Nervenzellen müssen bei der Entwicklung des Klein- und Hinterhirns zu einem bestimmten Zeitpunkt vom Ort ihrer Entstehung zum Ort ihrer Wirkung aktiv migrieren. Auf dieser Wanderung durch das embryonale Gehirn bilden sich die Zellen um und werden zu funktionellen Neuronen. „Zunächst war nicht klar, ob die Neurotransmitter bei der Migration, bei der Differenzierung oder bei der Ausformung der nerven-typischen Zellgestalt eine Rolle spielen könnten“, erklärt Erstautorin Dr. Ulrike Theisen.
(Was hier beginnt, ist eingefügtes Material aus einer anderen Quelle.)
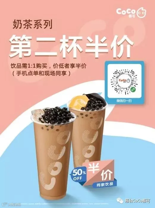 全场奶茶系列第二杯半价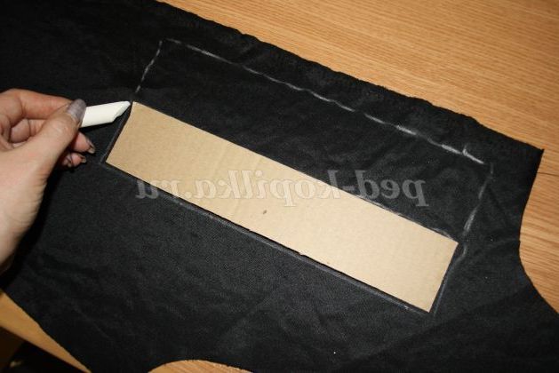 1) На картоні креслимо смугу шириною 5 см, а довжина залежить від обсягу вашої кисті. Вирізавши смугу, обводимо її на тканини так, як показано на рисунку.

Modernes minimalinvasives Mikroskopie-Verfahren

Das fachübergreifende Forschungs-Team näherte sich dieser Frage mit genetischen Methoden und optischen Analyseverfahren. Mithilfe eines minimalinvasiven, modernen Mikroskopie-Verfahrens konnten migrierende Nervenzellen unter verschiedenen Testbedingungen in lebenden Zebrafisch-Embryonen beobachtet werden. Sie eigenen sich besonders als Tiermodell für das menschliche Nervensystem. Da die Fische durchsichtig sind, können die Neuronen während der Migration gut beobachtet werden, ohne den Embryo zu beeinträchtigen.
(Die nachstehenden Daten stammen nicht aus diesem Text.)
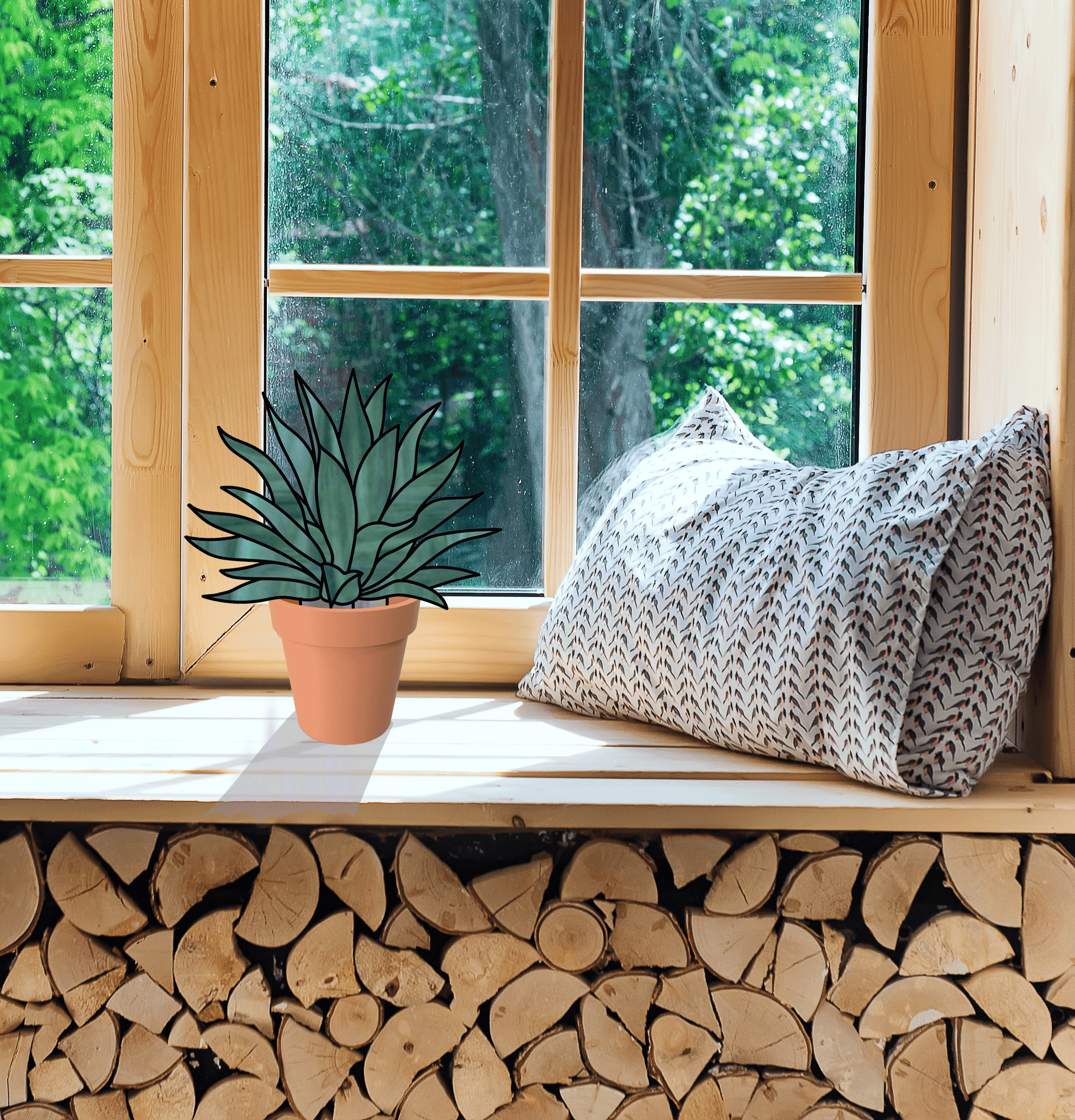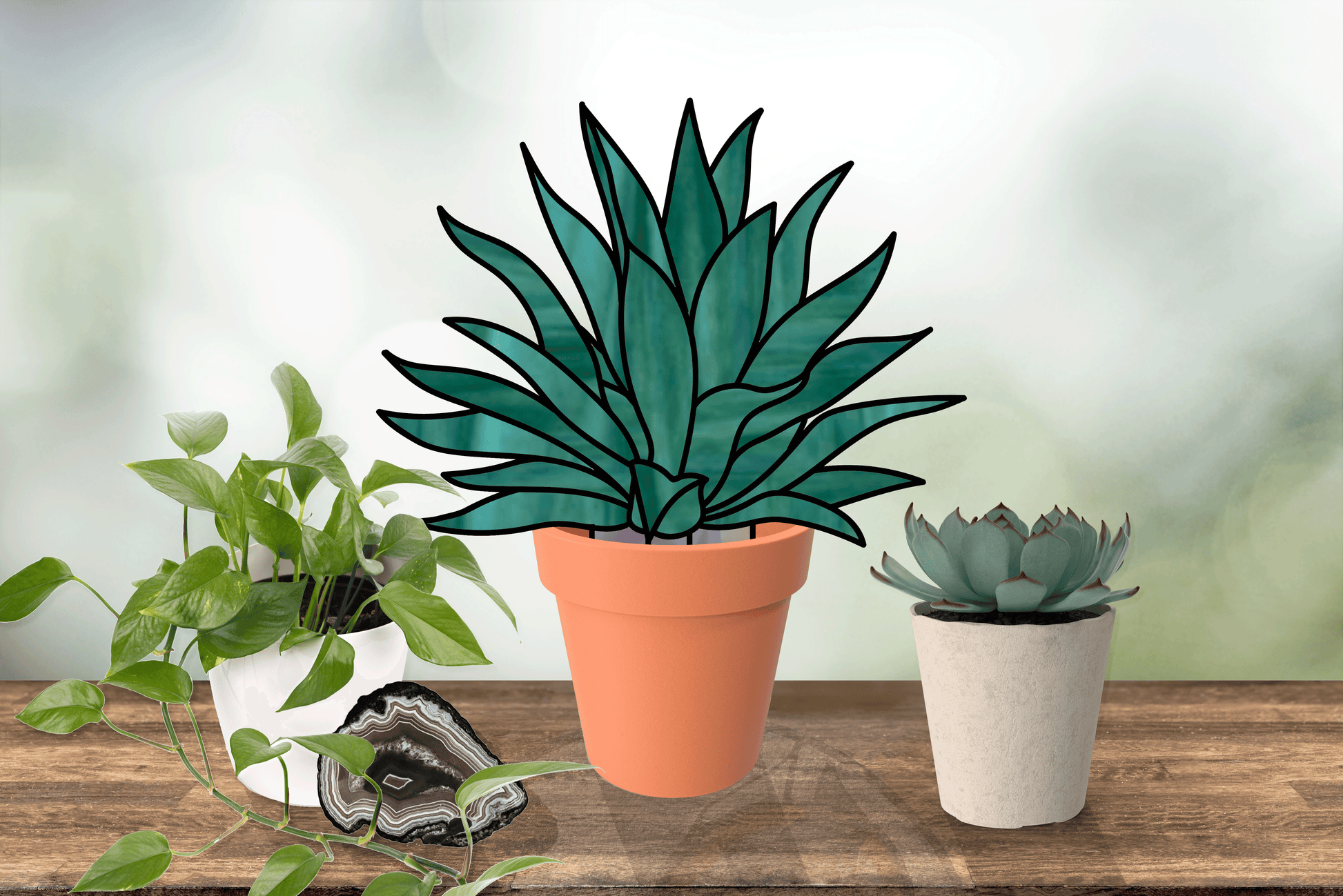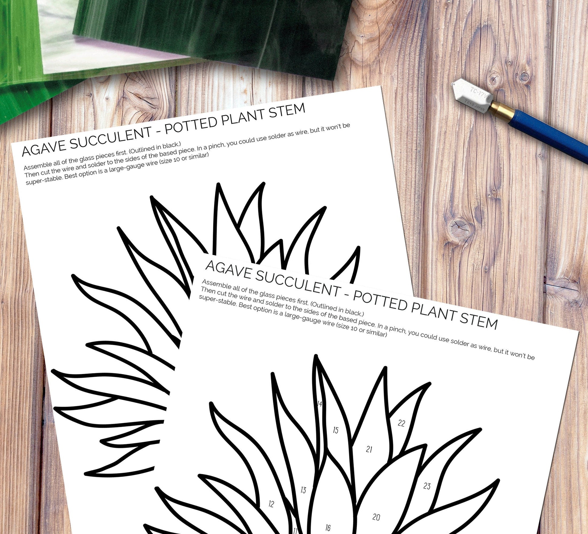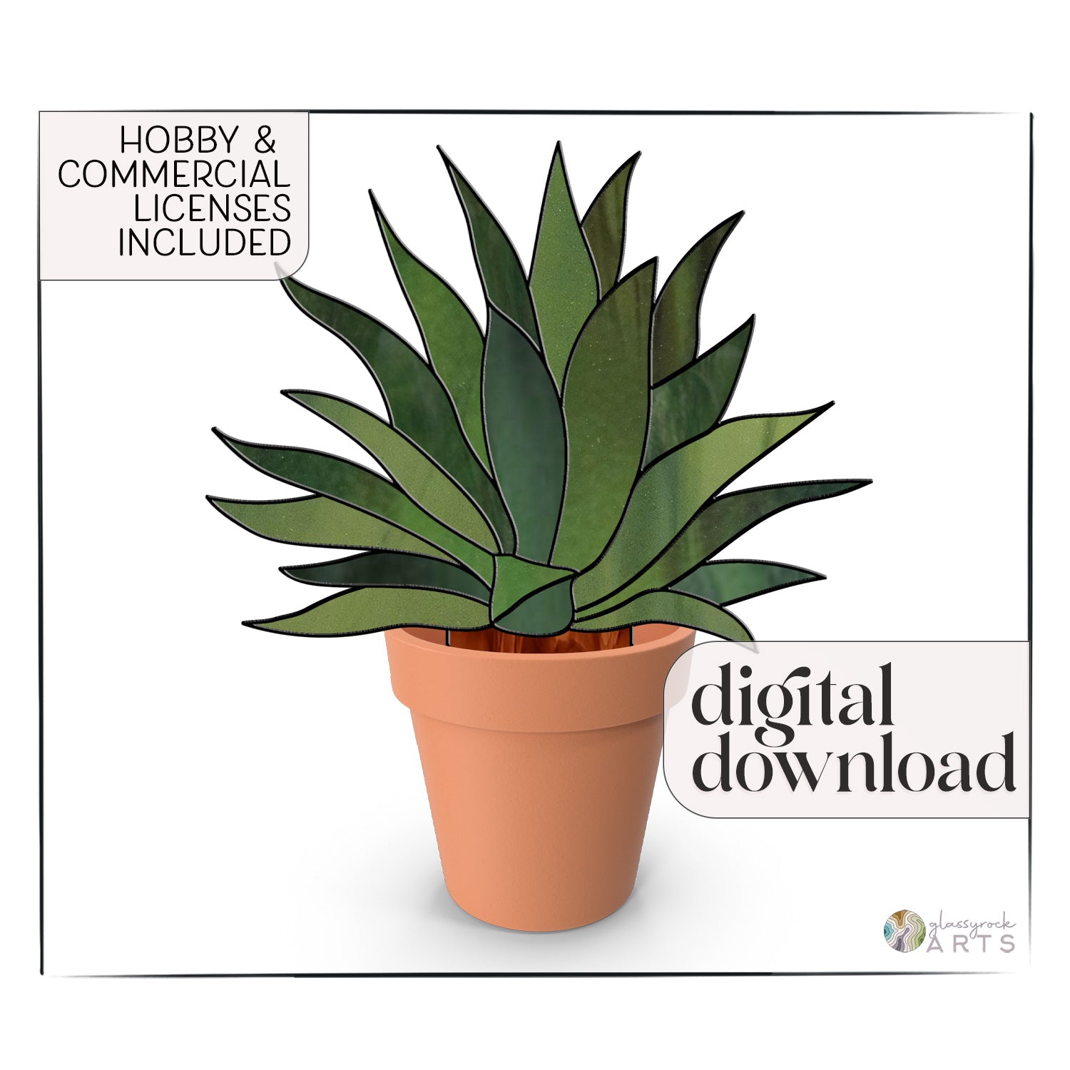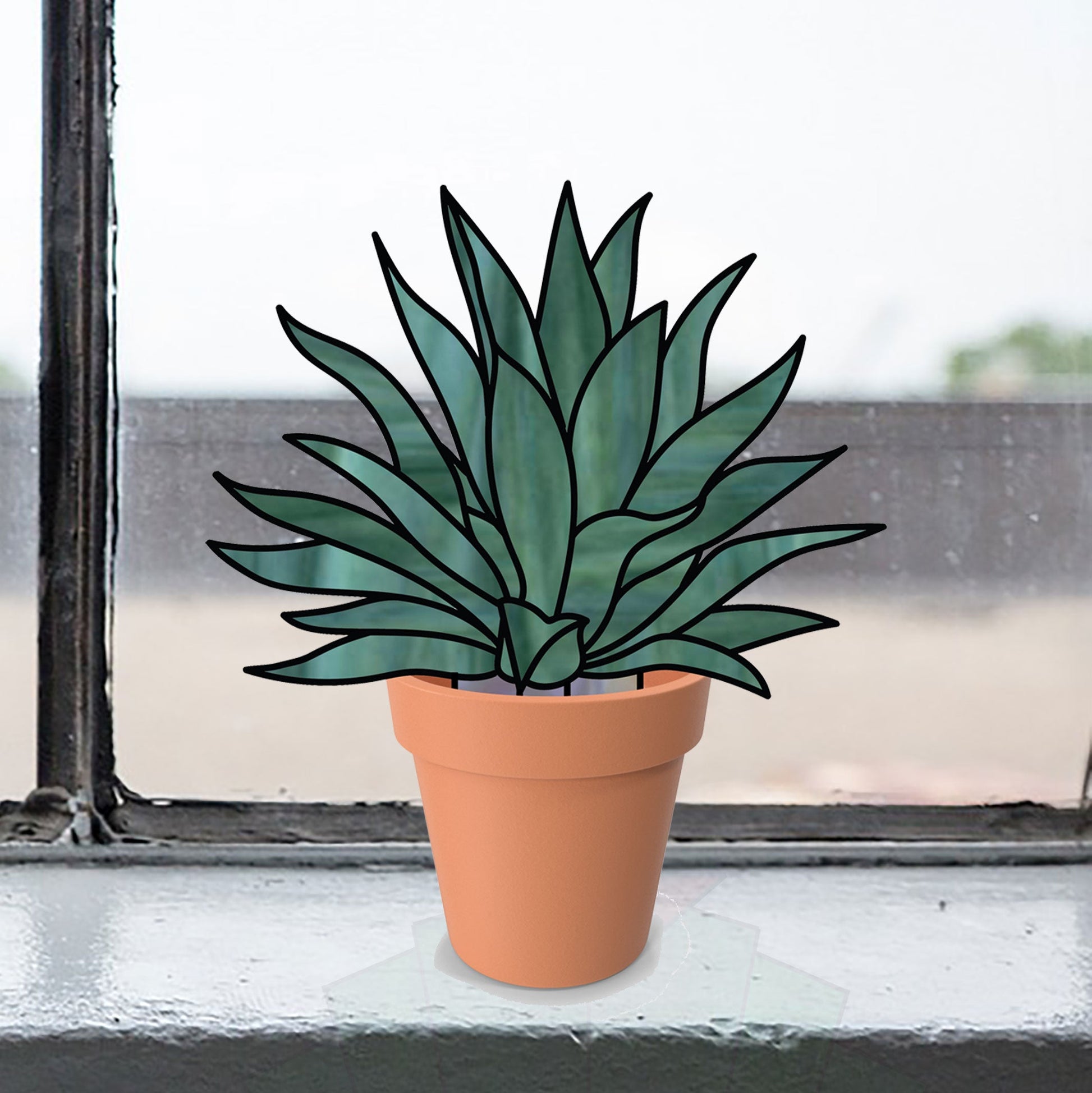 Agave Succulent Plant Stem Stained Glass Pattern

Genetische Sensoren zeigen Neuronen-Wanderung

Mit Hilfe von neuen genetischen Sensoren konnte das Forschungs-Team zunächst eine erhöhte intrazelluläre Calcium-Konzentration der Neuronen sichtbar machen, eine Reaktion der Zellen auf die Neurotransmitter. Anschließend identifizierten sie die beteiligten Neurotransmitter, indem die Neuronen bei ihrer Wanderung gefilmt und die Bewegung vermessen wurde.
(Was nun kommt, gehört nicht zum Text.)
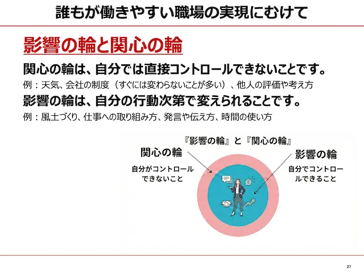 講義パートでは、このワークが会社への不満出しに終わらないように、影響の輪と関心の輪について紹介します。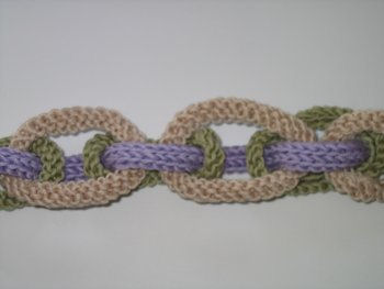 Kun siksakreikäkuvioon pujotetaan kolmen silmukan i-cord,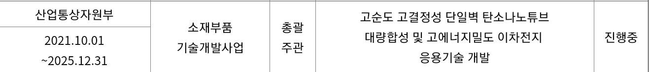 제이오는 양극재용으로 다중벽(MWCNT), 음극재용으로소수벽(TWCNT)을 생산하고 있죠. 무엇보다 러시아 CNT도전재 업체 옥시알이 만들고 있는 'SWCNT'로 가는 것이 최종 목표점일텐데요. 아래 R&D를 보면, 단일벽 탄소나노튜브의 대량합성이라고 나와있는데요. 25년까지 산업통상자원부와 협력하여 SWCNT를 개발하려고 투자하고 있는 것을 확인할 수 있습니다.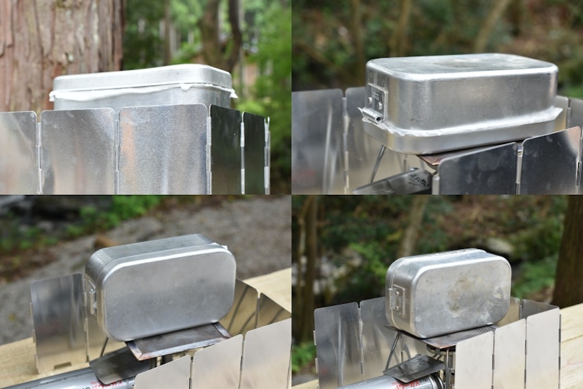 4.メスティンの上下を返し、とろ火〜弱火で5分程度焼く。メスティンの左右面も、それぞれとろ火〜弱火で5分程度焼く。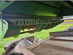John Deere 914 14 ft pick-up header, reverser, chaff spreader, chopper, big top hopper extension, A/C, radio, buddy seat, 30.5-32 front tires, 14.9-24 rear tires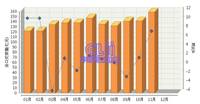 根据国家统计局公布数据:2015年1~11月,全国家具行业的累计出口交货值为1519.22亿元,同比增长3.30%。其中:11月份出口交货值同比增长7.67%。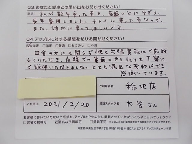 お車のご相談・ 査定だけでもOK! カンタン 入力 30秒 アップルがブランド買取始めました! お電話でも受付中! 受付時間10:00 ~ 19:00 0587-21-0040 お車のご相談・ 査定だけでもOK! カンタン 入力 30秒 アップルがブランド買取始めました! お電話でも受付中! 受付時間10:00 ~ 19:00 0587-21-0040 アップルがブランド買取始めました! お電話でも受付中! 受付時間10:00 ~ 19:00 0587-21-0040 店舗情報 在庫車 スタッフ紹介 ブログ お客様の声 キャンペーン 無料査定 click お客様の声 ご記入日: 2021/02/20 匿名様 車名:ダイハツ ミラココア 田舎の方にも関わらず快く出張買取にご対応して頂き、店頭での書面のやり取りも丁寧にご説明いただきました。とても満足な契約ができ感謝しています。 前へ 次へ お客様の声一覧を見る

Neurotransmitter regeln die Geschwindigkeit

Durch die Analyse der Gewebeänderung auf Grund des Embryonenwachstums ermittelten die Forscher zudem die Geschwindigkeit der Neuronen. Sie stellten fest, dass die Botenstoffe nur die Geschwindigkeit, aber nicht die Richtung der Wanderung beeinflussen. Allerdings beeinflussen einige Neurotransmitter nur in bestimmten Bereichen des Klein- und Hinterhirns die Geschwindigkeit. Sie sind entweder als Beschleuniger oder Bremser aktiv. Professor Köster erklärt: „Wie im Straßenverkehr können wir für das Kleinhirn eine Karte mit einzelnen Geschwindigkeitsabschnitten erstellen, die durch Neurotransmitter gesteuert werden. So werden Nervenzellen in der Nähe ihres Zielortes wie in einer 30er-Zone abgebremst.“

Beitrag zum Verständnis der individuellen Gehirnentwicklung

Die Ergebnisse des Braunschweiger Forschungs-Teams tragen zum Verständnis der grundlegenden Abläufe der individuellen Gehirnentwicklung bei. „Das ist umso wichtiger, als beim Menschen Störungen in der Nervenzell-Migration zu schweren neurologischen Erkrankungen und psychischen Beeinträchtigungen führen können“, erklärt Prof. Schnabel vom Institut für Genetik der TU Braunschweig. Wie diese Signale nun in das Zellinnere auf die Beweglichkeit der Zellen übertragen wird, ist die nächste herausfordernde Frage, der sich die Wissenschaftler stellen wollen.